3. Product differentiation and IP-enhancing services
In 2025, CDMOs will play a bigger role in creating intellectual property (IP) for their clients by offering patient-centric formulations, novel delivery systems, and proprietary process technologies. This will add value to small pharma's assets and help stave off generic competition. Evaluate Pharma indicates that the biopharma industry is facing more than $300 billion in lost sales through 2030 due to expiring patents. Because of this, I’ve seen increased interest in patient-centric dosage forms, including controlled-release formulations and strategies to reduce pill burden. Additionally, discussing technologies that strengthen and increase the IP life of their products has become a common theme for clients.
4. AI impact on drug developability
Artificial intelligence (AI) is transforming the pharmaceutical landscape, driving efficiencies in drug discovery and development. For small molecules, AI is driving pipeline growth by opening targets once deemed “undruggable”. However, this often comes at a cost to the developability of the molecules. These molecules typically require enabling formulation technologies to ensure bioavailability or special handling due to their higher potency.
As disease targets and candidates continue to become more complex, CDMOs with enabling formulation technologies will be better positioned to support pharma companies tackling these increasingly common and pressing challenges.
5. Navigating the squeeze
While 2024 was a whirlwind for the industry’s funding outlook, I’m cautiously optimistic about the financing environment for pharma in the coming year. Even in this uncertain landscape, conversations with clients, investors, consultants, and executives have indicated that they expect their organisations to adapt and drive product development forward.

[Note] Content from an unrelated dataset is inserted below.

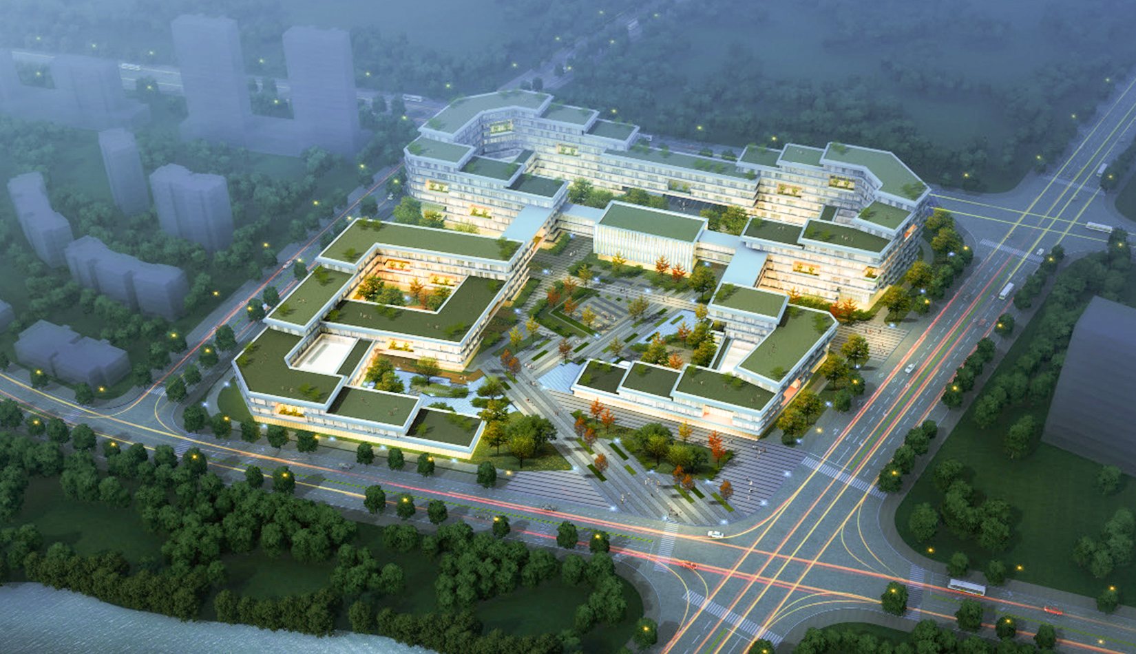 設計大、中、小三種空間尺度的景觀庭院,通過底層架空,使各空間既相互獨立,又互相滲透。增大建筑與景觀的接觸面,打造園林式辦公環(huán)境。
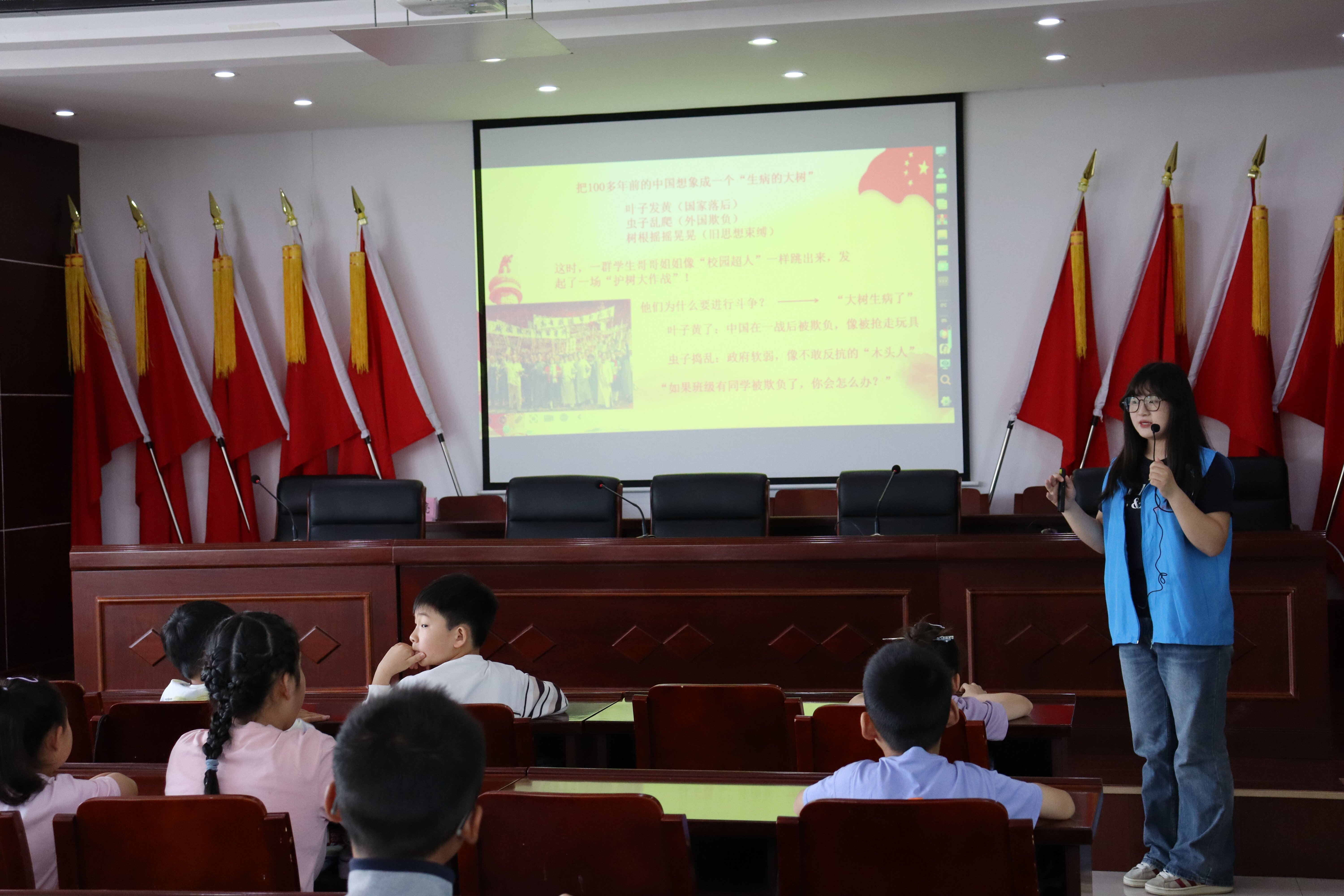 为进一步贯彻落实习近平总书记对“‘大思政课’我们要善用之”的讲话精神,激发青少年爱党爱国情怀。5月17日上午,beat365与高淳东坝中心小学携手开展“童心向党 薪火相传”主题志愿服务宣讲活动。东坝中心小学校长陈迎兵,院党总支副书记陈玉龙,团总支书记宋婧,“绿禾”志愿服务队11名大学生志愿者以及东坝中心小学17名小学生共同参加。

Pharma is looking to CDMOs for innovation and speed to enable this continued development on tighter budgets. CDMOs with capabilities that reduce upfront costs, such as in silico modelling or reduced API demand, that enable faster development timelines as well as add additional value to client assets, such as greater sustainability or stronger IP positions – these will bring a competitive and financial advantage to the table for potential partners.
6. Evolving science, elevated service
However, possessing cutting-edge manufacturing and analytical tools to meet the technical demands of new drugs (“high science”) is essential, but not sufficient on its own.
CDMOs must prioritise adaptability, innovation, and expert experience that spans multiple disciplines to thrive in the continually evolving pharmaceutical industry. Striking a balance between advanced, innovative technology and personalised, client-focused service is crucial in a landscape shaped by financing constraints, regulatory challenges, and broader uncertainty. “High-Science, High-Touch” CDMOs will thus successfully navigate the industry’s complex, competitive market, delivering personalised and exceptional services to their clients.
Looking ahead
Overall, CDMOs who want to maintain a competitive, operationally efficient, and customer-centric practice will increasingly integrate scalability into their processes in order to more efficiently produce larger and/or higher-quality products. When CDMOs integrate scalability into their project timelines up front, they’re planning with the end, and future, top of mind. This strongly positions them against potential economic and regulatory fluctuations while also improving cost savings, project timelines, resource consumption, and client relations.